Олег Кухленко, проджект-менеджер

----------


## mr.L

Тёмочки то, на вас, нет =)

----------


## nikita.b

> Тёмочки то, на вас, нет =)


В смысле? Что вы имеете ввиду ?

----------


## nikita.b

Ув. Форумчане жду активного обсуждения темы .

----------


## k3nzo

а чего тут обсуждать? ничего нового толком не написал... тексты с подобным содержанием на каждом форуме практически написаны. так что увы, но ничего нового вы не открыли

----------


## nikita.b

Я предложил Вашему вниманию статью, которая кроме того, что является авторской и уникальной, достаточно информативна. Почему же Вы считаете, что она не несёт ничего нового. Возможно Вы невнимательно её прочли.

----------


## Maks_Alexey13

Всё потому что это основы :) а их знает практически каждый мало-мальски грамотный веб-житель ;)

но для тех кто не знает - это очень полезный и выверенный текст, от их лица выражаю вам благодарность, но кнопку не нажму :) и не судите тех кто вас не хвалит, возможно для многих этот текст просто не является тем, что они не знают

Совет: добавьте сюда немного о принципах заполнения сайта контентом и раскрутке :) хотя и эта тема уже заезжена, но может будет кому интересна

И не бейте меня ногами, я просто дал совет ;)

----------


## nikita.b

> Всё потому что это основы :) а их знает практически каждый мало-мальски грамотный веб-житель ;)
> 
> но для тех кто не знает - это очень полезный и выверенный текст, от их лица выражаю вам благодарность, но кнопку не нажму :) и не судите тех кто вас не хвалит, возможно для многих этот текст просто не является тем, что они не знают
> 
> Совет: добавьте сюда немного о принципах заполнения сайта контентом и раскрутке :) хотя и эта тема уже заезжена, но может будет кому интересна
> 
> И не бейте меня ногами, я просто дал совет ;)


Я вас прекрасно понимаю. Но прошу заметить, что мне не нужна похвала. Мне интересно именно обсуждение статьи. Возможно у Вас есть что добавить к данной теме?

----------


## IMPERIAL

*nikita.b*, а что добавлять? Вы хотите обсуждения? Создайте блог. Пишите туда. Авторские тематические блоги, если они интересны, очень хорошо читаются и обсуждаются.

----------


## nikita.b

Хм...
Вы сами-то знаете для чего создаются форумы? Они создаются для обсуждения спорных и интересующих вопросов. Конкретно меня этот вопрос интересует. И если вы действительно данную статью читали, значит Вас она тоже заинтересовала. А если у Вас нет ни вопросов, ни добавлений, значит Вам эта статья дала полную информацию по теме.

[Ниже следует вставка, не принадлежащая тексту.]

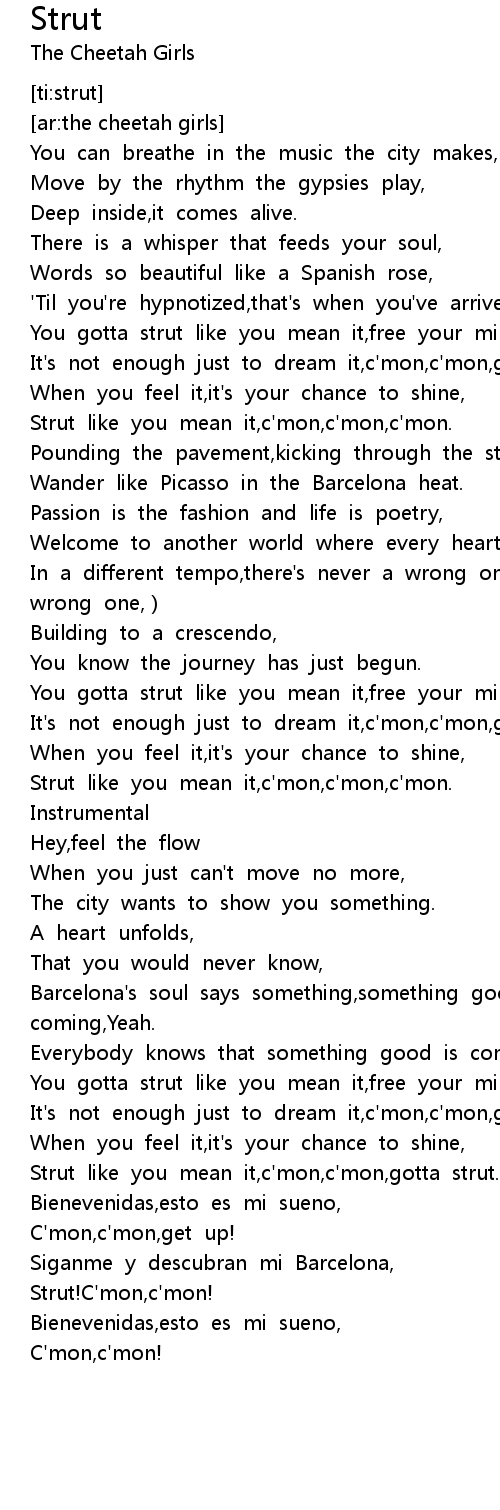 | [00:56.45] | Strut like you mean it, c' mon, c' mon, c' mon. |
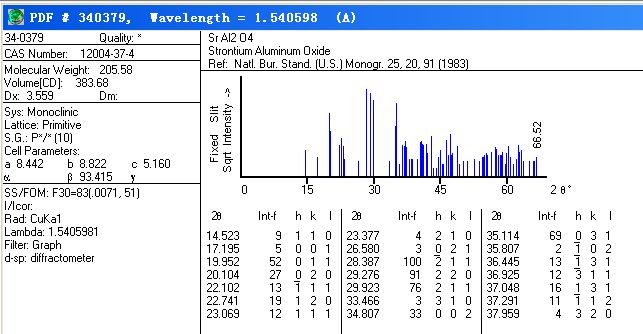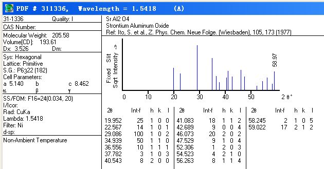 最近做研究,用jade软件分析XRD图,总出问题,PDF卡老是输入不进去,又考虑是不是可以找到那些卡片,由卡片进行分析,哪位有铝酸锶的PDF卡?求送?截图上来也行。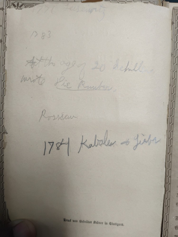 This vintage hardcover book titled "Schillers Famtliche Werke: Die Rauber, Fiesco, Kabale und Liebe" or ''Schrillers Complete Works: The Robbers, Fiesco, Intrique and Love'' by Schiller. Written in German this book falls under the genre of fiction and is a collection of works by Schiller that includes famous titles such as "Die Rauber," "Fiesco," and "Kabale und Liebe." A valuable addition to any book collection, this vintage hardcover edition offers readers a timeless literary experience in the original language. Schillers Famtliche Werke: Die Rauber, Fiesco, Kabale und Liebe VTG Hardcover This book is in acceptable shape for its age. There are loose pages and other signs of wear in this old book with an unknown date. See the photos for more.

Так почему Вы посылаете меня завести блогИ!!!::confused:

----------


## Maks_Alexey13

ну вообще-то если терзают сомнения по поводу данного форума то читай тут http://forum.ruboard.ru/faq.php?faq=..._threads_posts
а если по поводу обсуждения, то по окончании статьи нужно было задать хотя бы один вопрос, который интересует лично Вас :) а если таких нет, то и ответов в продолжение темы, скорее всего, тоже не будет...

----------


## nikita.b

Странно, что ответа так и не последовало. Вопрос был задан. Вы весьма невнимательны.

----------


## nikita.b

Неужели Вам нечего сказать по этому поводу?

----------


## nikita.b

Допустим, что вопрос не задан. Человек, прочитавший статью наверняка бы заметил недочеты. При таком плачевном состоянии критики как сейчас, критически мыслить способен каждый второй. Другое дело, что эти способности мало кто на практике применяет. Вот Вы и раскритикуйте. У Вас достаточно хорошо должно это получиться.

----------


## Maks_Alexey13

Хотите критики, значит вам не сюда :)
вам сюда

----------


## nikita.b

А для чего тогда создаются форумы?

----------


## nikita.b

То есть на данном ресурсе нет человека, который может критично мыслить?

----------


## DEL

Статья для нуба, писал новичок который сам только это где то узнал, причем поверхностно
Нет озывов, да и ладно

----------


## nikita.b

Далеко не новичок, уважаемый. Это статья руководителя успешного веб-проекта. Вам, наверняка, просто нечего добавить.

----------


## segabu

Ув. ТС не предложил ничего нового. Тема бесполезна, да. :rolleyes:

----------